Nikoletta Pavlopoulou

Personal information
- Nickname: Nicole
- Nationality: Greek
- Born: 1 January 2001 (age 25) Athens, Greece
- Education: University of Southern California Sapienza University of Rome

Sport
- Sport: swimming
- Events: breaststroke, individual medley
- University team: USC Trojans
- Club: AOPF

Achievements and titles
- Personal bests: 200m individual medley: 2:16.17 (2019, NR); 200m breaststroke: 2:28.68 (2018, JNR);

Medal record
Women's swimming
Representing Greece
Mediterranean Games
| Silver medal – second place | 2026 Taranto | 4×100 m mixed medley |
| Bronze medal – third place | 2026 Taranto | 200 m medley |

= Nikoletta Pavlopoulou =

Greek swimmer (born 2001)

Nikoletta Pavlopoulou (born January 1, 2001) is a Greek swimmer, who competes for AOPF and is coached by Dimitris and George Damasiotis.

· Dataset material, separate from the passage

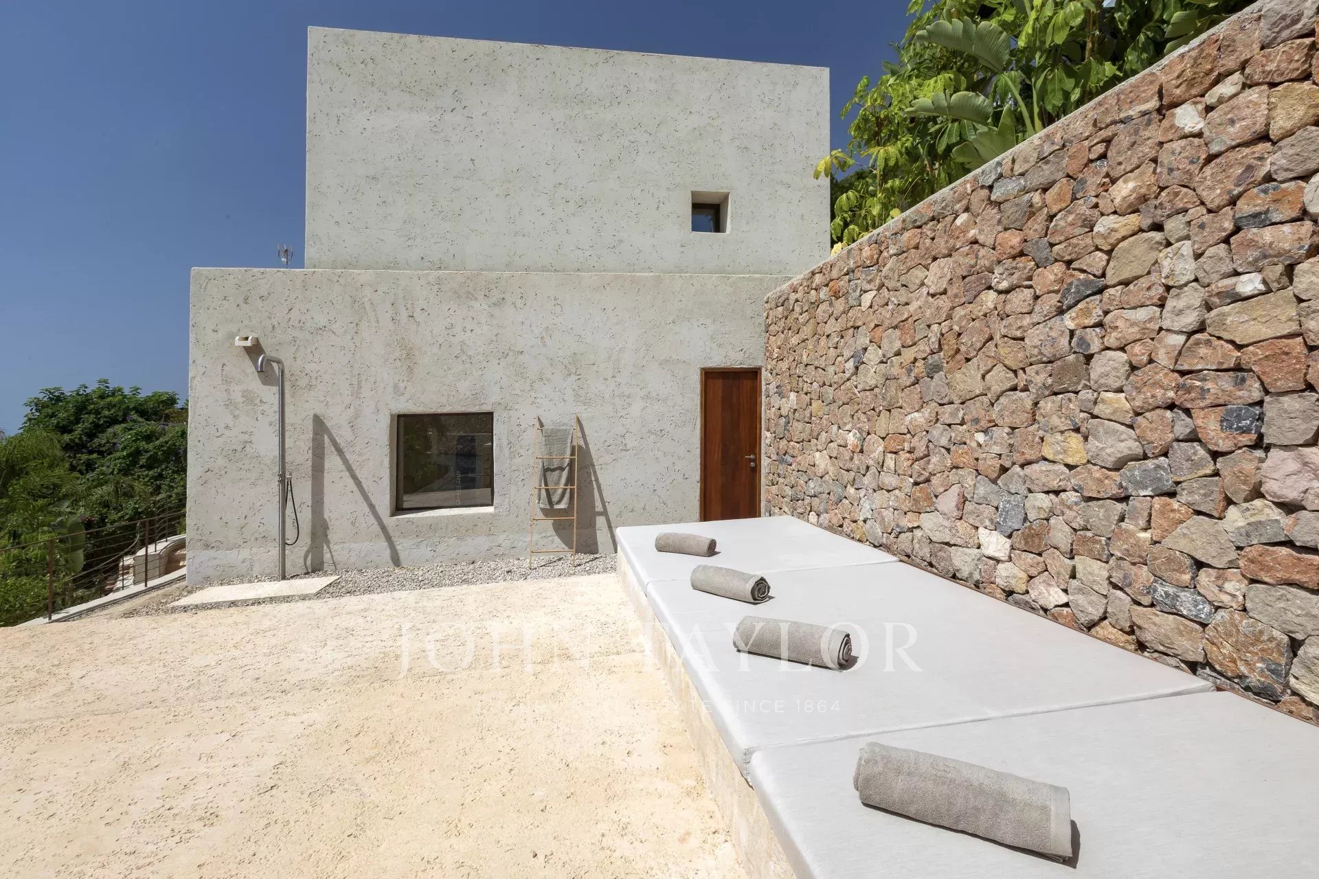 Auf der Terrasse am Fuße des Wohnzimmers gibt es einen Grillplatz, Sitzgelegenheiten zum Entspannen und große Liegen zum Sonnenbaden.

She has competed in European, World and Youth Olympic Games, where she placed 9th in the 200m individual medley, as well as European Women's Championships (16th 200m individual medley).
She has broken 64 national records and she currently owns 12 records in 50m pool and 11 in 25m pool.

She graduated in 2023 from University of Southern California with a degree in Human Biology. She was also part of the NCAA Division I women's swimming team, competing at the Pac-12 and NCAA championships with the Trojans.

She is currently studying medicine at La Sapienza University of Rome.